Subsections

• D and diff
• Composition
• Implicit Differentiation
• Exercises

Differentiation

D and diff

Maple knows how to take many derivatives. Its main commands for doing this are D and diff. D is designed to differentiate functions, whereas diff is for differentiating expressions. However, if proper notation is used, diff can also be used with functions. To review the difference between a function and an expression, check the two examples below. The f statement defines a function, the g statement defines an expression.

  > f:=x->x^2+7*x+5;

  > g:=x^3-5*x+8;

Here are some examples that show how D and diff work. Check the difference between these two commands.

  > D(sin);

  > D(sin)(x);

Also, check these two.

  > D(f);

  > D(f)(x);

Carefully consider these.

  > diff(g,x);

  > diff(f(x),x);

See what happens with these.

  > diff(g(x),x);

  > diff(f,x);

After the last four examples, you should be convinced that proper notation is very important in doing derivatives in Maple.

Maple can also do higher derivatives. Check these commands.

  > diff(g,x2);

  > diff(f(x),x$2);

The $ sign is used to indicate repeated differentiation, the number following it tells how many times the function or expression is to be differentiated. D will also do repeated differentiation.

  > (D@@2)(f)(x);

Just as Maple can plot several functions with a single command, it can differentiate more than one function at a time.

  > diff({sin(x)^2,sin(x^2)},x);

However, note that while Maple does what is asked, it rearranges the order of the output. So, be careful.

More information on diff and D can be obtained through Maple help screens.

Composition

Maple can be used to perform composition of functions (Note: functions, not expressions). The symbol for composition is @. Try these commands

  > (f@f)(x);

  > simplify(");

  > h:=x->x^3+x^2-3*x+4;

  > p:=x->8*x+6;

  > (f@h@p)(x);

  > simplify(");

  > (p@h@f)(x);

  > simplify(");

Are $f \circ h \circ p$ and $p \circ h \circ f$ the same?

Implicit Differentiation

The implicitdiff command can be used to find derivatives of implicitly defined functions. The syntax is as follows

  > implicitdiff(f,y,x);

where f is an expression or equation, y is the dependent variable and x is the independent variable. Thus the command as just stated would compute $$\frac{dy}{dx}$$. If f is given as an expression Maple will assume that the implicit equation is f = 0. Check the results of the following commands.

  > f:=x^2*y^2+y^3;

  > implicitdiff(f,y,x);

  > g:=x^2+y^3=1;

  > implicitdiff(g,y,x);

Second derivatives can also be taken with implicitdiff. The following command computes $$\frac{d^2y}{dx^2}$$.
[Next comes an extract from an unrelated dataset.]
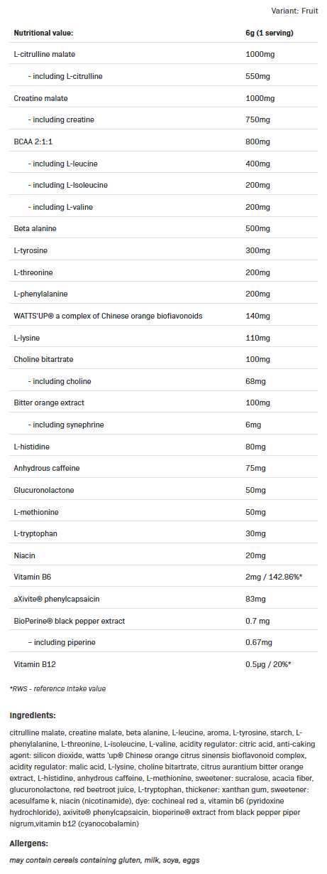 Комбинацията от вещества, поддържащи нервната система, е това, което отличава LOCO SPEED & ENERGY от другите предтренировъчни добавки. От стимулиращия ефект до подкрепата на невротрансмитерите. Комплексният подход за оптимизиране на работата на нервната система по време на тренировка е изключително важен – особено в дисциплини, изискващи скорост. Скоростта, с която електрическите импулси се предават между невроните и мускулните клетки, определя кога мускулите ще се свият. Благодарение на съставките, съдържащи се в азотния бустер LOCO SPEED & ENERGY, този процес е по-ефективен, което от своя страна води до по-кратко време за реакция. Благодарение на това вашите мускули ще могат да работят с части от секундата по-бързо, но често именно части от секундата решават победата. Защо азотен бустер LOCO ENERGY & SPEED? LOCO ENERGY & SPEED е рецепта, на която всеки спортист трябва да даде 100% от себе си по време на всяка тренировка, като същевременно поддържа психическа яснота. LOCO ENERGY & SPEED съдържа трио от съставки, които подобряват резултатите в почти всяка спортна област: креатин, L-цитрулин и бета-аланин. Подпомагането на секрецията на ATP (мускулна енергийна единица), подобряването на кръвоснабдяването на мускулите и увеличаването на мускулната издръжливост от тренировка на тренировка са ключът към отключването на пълния ви тренировъчен потенциал Енергията – не под формата на стимулация, а като гориво за работещите мускули е резултатът, който искахме да постигнем, когато създавахме този продукт. Осигуряването на ключови съставки за работата на мускулите определя дали тялото ви ще може да генерира адекватна енергия на клетъчно ниво и ще дава 100% мощност! Високото съдържание на незаменими аминокиселини в продукта подпомага мускулната функция, има антикатаболни свойства и подпомага регенерацията след тренировка, което е изключително важно за всеки спортист. Тирозин и холин са комбинация, която ефективно повлиява правилния синтез на невротрансмитери, благодарение на което информацията между мозъка и мускулите се изпраща много по-бързо. От решаващо значение е скоростта на реакцията. От друга страна, тирозинът заедно с екстракт от горчив портокал намалява чувството на умора и стимулира, което ви позволява да продължите да тренирате с максимална скорост. Интензивните физически усилия с продължителност от няколко до няколко десетки минути са част от повечето спортни дисциплини. През това време мускулите извършват усилена работа, кръвоносната система работи на пълен капацитет, а умът е принуден да полага максимални усилия. Основата за приготвянето на уникалната рецепта LOCO ENERGY & SPEED беше поддръжката на тези сложни процеси. Създадохме продукт, който подпомага набавянето на хранителни вещества чрез действието на l-citrulline и подпомага работата и регенерацията на мускулите с помощта на BCAA и EAA аминокиселини. Уникалната комбинация от тирозин, холин и витамини от група В поставя ума в състояние на необезпокоявана концентрация, така необходима по време на тренировка. WATTS’UP® е марков екстракт от китайски портокал, който дължи своята ефективност на s-хесперидин. Това лесно усвоимо съединение навлиза в кръвообращението само 15 минути след консумация, засягайки естественото производство на азотен оксид (NO) и повишавайки ефективността на митохондриите. Проучванията показват, че WA

  > implicitdiff(g,y,x,x);

Maple also has a command for plotting implicitly defined functions. It is in the package plots which must be called before using the command.

  > with(plots);

  > implicitplot(x^2-y^2=1,x=-3..3,y=-3..3);

Exercises

1.

Type and execute all commands given in the discussions above.

2.

A point (x₀, f(x₀)) on the graph of y = f(x) is known as a local minimum (maximum) point if $f(x_0) \leq f(x)(f(x_0) \geq f(x))$ for all x in some open interval containing x₀.

(a)

Plot $f(x) = \displaystyle\frac{x(x-1)(x+3)}{(x+1)^2(x-2)(x-4)}$. What appears to be true about the slope of the tangent line at each local minimum or maximum point?

(b)

Use the observation you have just made to find the x-coordinate of each local minimum or maximum point. Note that the numer command could be helpful here.

3.

Find the point on the graph of $y = x^2\tan(x)$ that is closest to the point (2.1, 0.8).

4.

Consider the function $y = \sin^3(\cos(x^2+7x+1))$.

(a)

In order to take the derivative of the given function by the Chain Rule, it is necessary to describe the function as the composite of several functions. Prepare for applying the Chain Rule by finding appropriate functions $f(x), g(x), \ldots, t(x)$ such that $(t \circ \cdots \circ g \circ f)(x)$ is the given function. Use Maple to show that your breakdown is correct.

(b)

Attach a handwritten page showing how the derivative is taken by means of the Chain Rule.

(c)

Use Maple to check your answer in (b).

5.

Consider a function y implicitly defined by the equation y⁴ - 2x²y² + x³ = 17.

(a)

Attach a handwritten page on which you find $$\frac{dy}{dx}$$.

(b)

Use Maple to check your answer in (a).

(c)

Find an equation of the line tangent to the graph at the point (2,3).